(Stored entries)
------------------------------------------------------------

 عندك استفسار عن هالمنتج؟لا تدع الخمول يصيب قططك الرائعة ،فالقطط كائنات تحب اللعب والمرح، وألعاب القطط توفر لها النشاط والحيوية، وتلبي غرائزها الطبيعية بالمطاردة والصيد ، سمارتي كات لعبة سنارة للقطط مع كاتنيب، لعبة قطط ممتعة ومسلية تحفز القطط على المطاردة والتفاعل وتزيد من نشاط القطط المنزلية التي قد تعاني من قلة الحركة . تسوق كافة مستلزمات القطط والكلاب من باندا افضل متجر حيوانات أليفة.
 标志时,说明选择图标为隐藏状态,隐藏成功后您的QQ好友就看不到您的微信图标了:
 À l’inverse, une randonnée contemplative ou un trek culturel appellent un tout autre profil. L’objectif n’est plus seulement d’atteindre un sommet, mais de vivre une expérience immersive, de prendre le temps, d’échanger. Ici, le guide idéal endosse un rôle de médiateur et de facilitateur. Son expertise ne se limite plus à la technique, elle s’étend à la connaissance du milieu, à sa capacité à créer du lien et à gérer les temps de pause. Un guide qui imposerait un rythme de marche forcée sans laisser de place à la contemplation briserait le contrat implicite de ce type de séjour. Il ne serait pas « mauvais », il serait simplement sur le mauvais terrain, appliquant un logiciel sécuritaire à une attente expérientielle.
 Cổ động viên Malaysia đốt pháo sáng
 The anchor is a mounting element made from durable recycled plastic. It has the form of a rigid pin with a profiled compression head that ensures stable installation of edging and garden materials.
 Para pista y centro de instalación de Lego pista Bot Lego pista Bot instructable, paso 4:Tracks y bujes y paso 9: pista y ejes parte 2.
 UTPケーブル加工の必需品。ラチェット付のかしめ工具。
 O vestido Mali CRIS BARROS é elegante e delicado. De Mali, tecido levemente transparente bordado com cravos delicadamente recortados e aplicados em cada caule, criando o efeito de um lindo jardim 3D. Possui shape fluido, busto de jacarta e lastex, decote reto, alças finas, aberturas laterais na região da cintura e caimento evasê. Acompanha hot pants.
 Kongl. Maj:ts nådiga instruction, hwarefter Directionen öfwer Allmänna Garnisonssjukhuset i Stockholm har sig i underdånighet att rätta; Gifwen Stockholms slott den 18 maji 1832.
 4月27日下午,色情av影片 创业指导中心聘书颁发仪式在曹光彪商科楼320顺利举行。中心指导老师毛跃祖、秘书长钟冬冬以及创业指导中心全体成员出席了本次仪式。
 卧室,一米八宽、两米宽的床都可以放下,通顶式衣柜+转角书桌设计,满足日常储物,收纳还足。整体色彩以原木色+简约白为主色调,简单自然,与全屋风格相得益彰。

------------------------------------------------------------

▶ What you need to do:
Recopy all the entries faithfully, leaving none out.

▶ Solution:
 عندك استفسار عن هالمنتج؟لا تدع الخمول يصيب قططك الرائعة ،فالقطط كائنات تحب اللعب والمرح، وألعاب القطط توفر لها النشاط والحيوية، وتلبي غرائزها الطبيعية بالمطاردة والصيد ، سمارتي كات لعبة سنارة للقطط مع كاتنيب، لعبة قطط ممتعة ومسلية تحفز القطط على المطاردة والتفاعل وتزيد من نشاط القطط المنزلية التي قد تعاني من قلة الحركة . تسوق كافة مستلزمات القطط والكلاب من باندا افضل متجر حيوانات أليفة.
 标志时,说明选择图标为隐藏状态,隐藏成功后您的QQ好友就看不到您的微信图标了:
 À l’inverse, une randonnée contemplative ou un trek culturel appellent un tout autre profil. L’objectif n’est plus seulement d’atteindre un sommet, mais de vivre une expérience immersive, de prendre le temps, d’échanger. Ici, le guide idéal endosse un rôle de médiateur et de facilitateur. Son expertise ne se limite plus à la technique, elle s’étend à la connaissance du milieu, à sa capacité à créer du lien et à gérer les temps de pause. Un guide qui imposerait un rythme de marche forcée sans laisser de place à la contemplation briserait le contrat implicite de ce type de séjour. Il ne serait pas « mauvais », il serait simplement sur le mauvais terrain, appliquant un logiciel sécuritaire à une attente expérientielle.
 Cổ động viên Malaysia đốt pháo sáng
 The anchor is a mounting element made from durable recycled plastic. It has the form of a rigid pin with a profiled compression head that ensures stable installation of edging and garden materials.
 Para pista y centro de instalación de Lego pista Bot Lego pista Bot instructable, paso 4:Tracks y bujes y paso 9: pista y ejes parte 2.
 UTPケーブル加工の必需品。ラチェット付のかしめ工具。
 O vestido Mali CRIS BARROS é elegante e delicado. De Mali, tecido levemente transparente bordado com cravos delicadamente recortados e aplicados em cada caule, criando o efeito de um lindo jardim 3D. Possui shape fluido, busto de jacarta e lastex, decote reto, alças finas, aberturas laterais na região da cintura e caimento evasê. Acompanha hot pants.
 Kongl. Maj:ts nådiga instruction, hwarefter Directionen öfwer Allmänna Garnisonssjukhuset i Stockholm har sig i underdånighet att rätta; Gifwen Stockholms slott den 18 maji 1832.
 4月27日下午,色情av影片 创业指导中心聘书颁发仪式在曹光彪商科楼320顺利举行。中心指导老师毛跃祖、秘书长钟冬冬以及创业指导中心全体成员出席了本次仪式。
 卧室,一米八宽、两米宽的床都可以放下,通顶式衣柜+转角书桌设计,满足日常储物,收纳还足。整体色彩以原木色+简约白为主色调,简单自然,与全屋风格相得益彰。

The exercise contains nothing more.